• _WORK INSTRUCTION_
From the entries below, print exactly the span beginning with the line holding "T-shirt donna slim" and ending with the line holding "На рис. 3 представлены", endpoints included, and skip any pictures.

• _DATASET RECORDS_
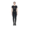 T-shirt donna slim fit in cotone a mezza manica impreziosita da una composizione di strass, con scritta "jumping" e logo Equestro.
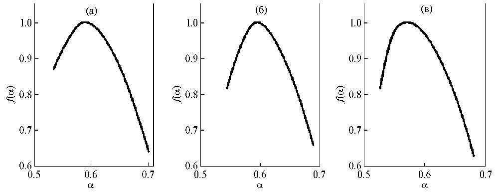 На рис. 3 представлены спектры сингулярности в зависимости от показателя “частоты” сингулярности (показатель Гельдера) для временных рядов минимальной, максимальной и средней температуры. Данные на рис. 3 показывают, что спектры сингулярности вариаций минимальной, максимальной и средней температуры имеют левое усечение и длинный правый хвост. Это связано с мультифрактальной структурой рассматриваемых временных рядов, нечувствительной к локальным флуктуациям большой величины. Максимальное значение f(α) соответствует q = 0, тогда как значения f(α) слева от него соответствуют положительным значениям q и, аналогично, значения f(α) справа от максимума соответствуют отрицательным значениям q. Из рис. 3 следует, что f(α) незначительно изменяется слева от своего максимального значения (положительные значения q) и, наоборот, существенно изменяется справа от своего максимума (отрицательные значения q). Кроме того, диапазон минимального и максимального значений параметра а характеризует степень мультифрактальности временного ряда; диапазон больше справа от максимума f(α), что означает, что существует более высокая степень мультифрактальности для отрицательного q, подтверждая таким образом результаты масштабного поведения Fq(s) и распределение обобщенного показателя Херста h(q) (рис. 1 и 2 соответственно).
...
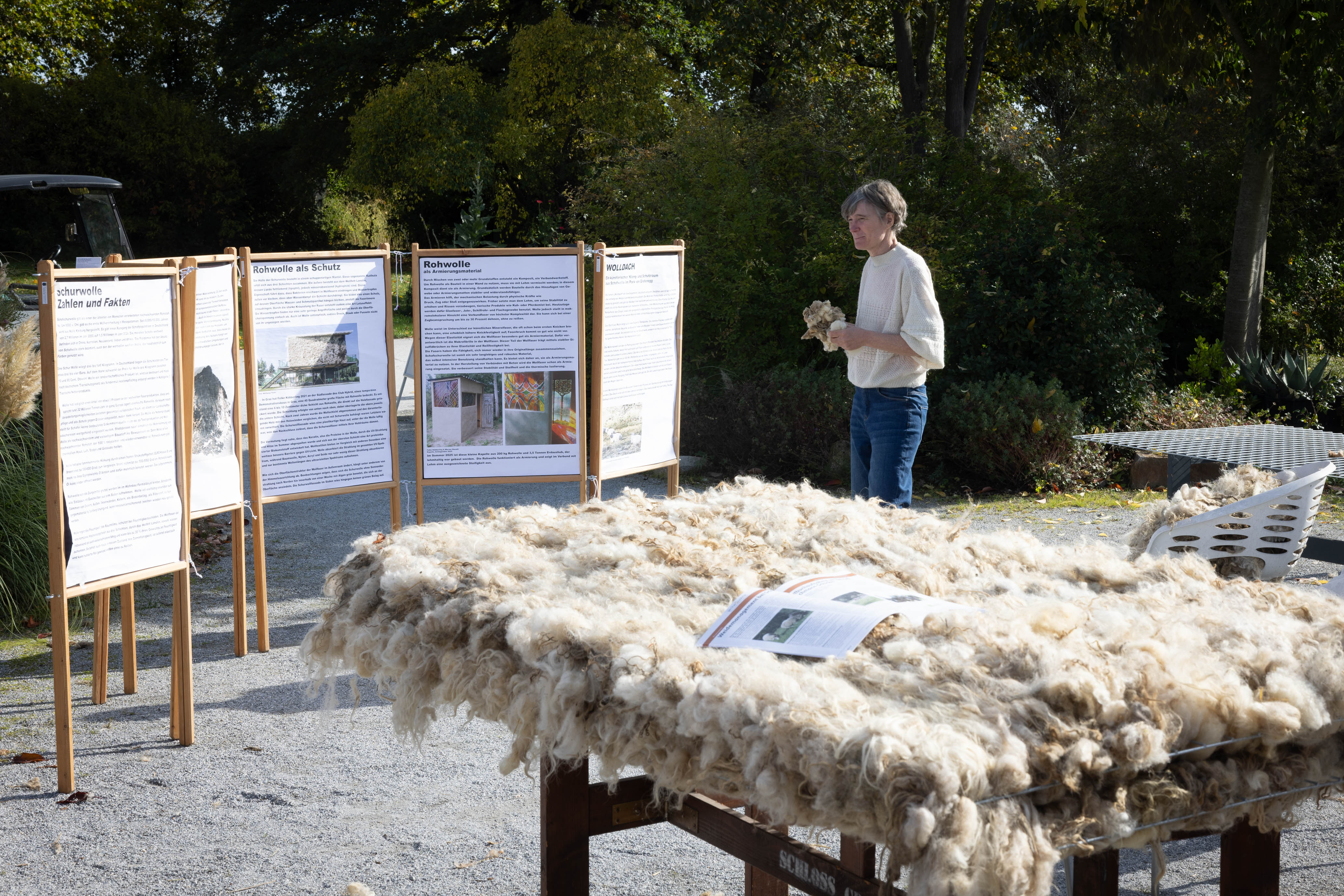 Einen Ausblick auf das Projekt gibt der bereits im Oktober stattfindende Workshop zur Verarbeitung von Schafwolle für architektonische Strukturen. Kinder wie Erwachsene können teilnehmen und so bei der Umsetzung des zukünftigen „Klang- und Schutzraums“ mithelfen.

• _SOLUTION_
 T-shirt donna slim fit in cotone a mezza manica impreziosita da una composizione di strass, con scritta "jumping" e logo Equestro.
 На рис. 3 представлены спектры сингулярности в зависимости от показателя “частоты” сингулярности (показатель Гельдера) для временных рядов минимальной, максимальной и средней температуры. Данные на рис. 3 показывают, что спектры сингулярности вариаций минимальной, максимальной и средней температуры имеют левое усечение и длинный правый хвост. Это связано с мультифрактальной структурой рассматриваемых временных рядов, нечувствительной к локальным флуктуациям большой величины. Максимальное значение f(α) соответствует q = 0, тогда как значения f(α) слева от него соответствуют положительным значениям q и, аналогично, значения f(α) справа от максимума соответствуют отрицательным значениям q. Из рис. 3 следует, что f(α) незначительно изменяется слева от своего максимального значения (положительные значения q) и, наоборот, существенно изменяется справа от своего максимума (отрицательные значения q). Кроме того, диапазон минимального и максимального значений параметра а характеризует степень мультифрактальности временного ряда; диапазон больше справа от максимума f(α), что означает, что существует более высокая степень мультифрактальности для отрицательного q, подтверждая таким образом результаты масштабного поведения Fq(s) и распределение обобщенного показателя Херста h(q) (рис. 1 и 2 соответственно).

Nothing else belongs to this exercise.